The diagnosis of superior vena cava syndrome is made largely based on a patient’s history and physical findings, which often develop over a period of days to weeks. This insidious onset is a result of a collateral vascular network that exists to divert blood to the lower body where it is then returned to the heart through the inferior vena cava, azygous vein, and the intercostals. The clinical findings in superior vena cava syndrome are closely linked to venous congestion and the resultant elevation in venous pressures seen in the upper body. A careful physical examination is often sufficient to rule out a cardiogenic origin to the patient’s symptoms. The most common presenting symptoms of superior vena cava syndrome are face/neck swelling, distended neck veins, cough, dyspnea, orthopnea, upper extremity swelling, distended chest vein collaterals, and conjunctival suffusion. Other less common symptoms of superior vena cava syndrome include stridor, hoarseness, dysphagia, pleural effusion, head plethora, headache, nausea, lightheadedness, syncope, change in vision, altered mental status, upper body edema, cyanosis, papilledema, stupor, and coma.
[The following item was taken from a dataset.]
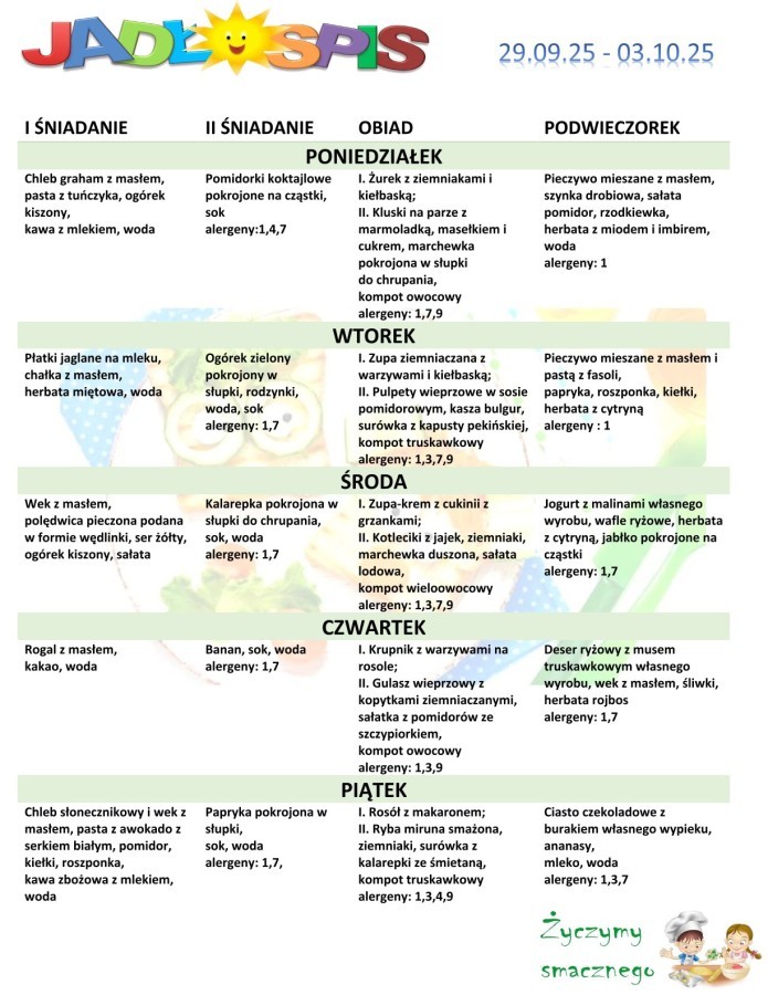 JADŁOSPIS 29.09. - 03.10. 2025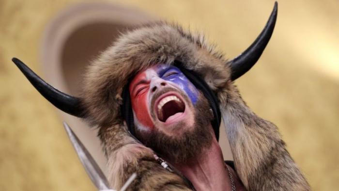 - الصورة: أحد مؤيدي ترامب الذين اقتحموا الكونغرس (بي بي سي)

Some rare but serious clinical consequences reported in superior vena cava syndrome include cerebral edema and upper respiratory compromise secondary to edema of larynx and pharynx.


Patients with high clinical suspicion for superior vena cava syndrome should undergo imaging of the upper body and vasculature. Ultrasound of the jugular, subclavian, and innominate veins can help to identify a thrombus within the vessel lumen. Radiographic imaging and MRI also play a critical role providing additional information as to the location, severity, and etiology of the superior vena cava obstruction. CT of the chest with the presence of collateral vessels is associated with a diagnostic sensitivity of 96% and a specificity of 92%. Venography is widely accepted as the gold standard for visualizing and diagnosing a venous obstruction. This modality should be used concomitantly with endovascular intervention for patients with a severe presentation of superior vena cava syndrome 11).

If lung cancer is suspected, a bronchoscopy may be done. During this procedure, a scope is used to view inside the airways and lungs.

Superior vena cava syndrome treatment

Following a clinical diagnosis, supportive therapy and medical management is commonly initiated. This involves elevation of the patient’s head as a simple maneuver with the goal of decreasing venous pressure. Further management is guided by the patient’s underlying superior vena cava syndrome cause. For patients with thrombus related to an indwelling intravascular device, removal should be considered along with anticoagulation therapy and catheter directed thrombolysis. Multidisciplinary treatment planning for those with obstruction due to malignancy is important as tumor type and staging can help to guide appropriate chemotherapy or radiation therapy. Open surgical repair through bypass grafting with spiral saphenous vein, femoral vein, polytetrafluoroethylene graft, or Dacron graft have traditionally been considered to overcome superior vena cava obstruction. However, this is now reserved for cases in which recanalization through endovascular repair is either not possible or has previously failed. With expanding treatment options for both benign and malignant etiology, endovascular therapy is now widely considered as the first-line treatment for superior vena cava syndrome. Less invasive endovascular management can offer patients immediate relief of symptoms. Acute or subacute thrombus can be managed with catheter based thrombolysis or thrombectomy prior to venoplasty and stent placement 12).

Superior vena cava syndrome prognosis

The outcome of superior vena cava syndrome varies, depending on the cause and the amount of blockage.

Superior vena cava obstruction caused by a tumor is a sign that the tumor has spread, and it indicates a poorer long-term outlook.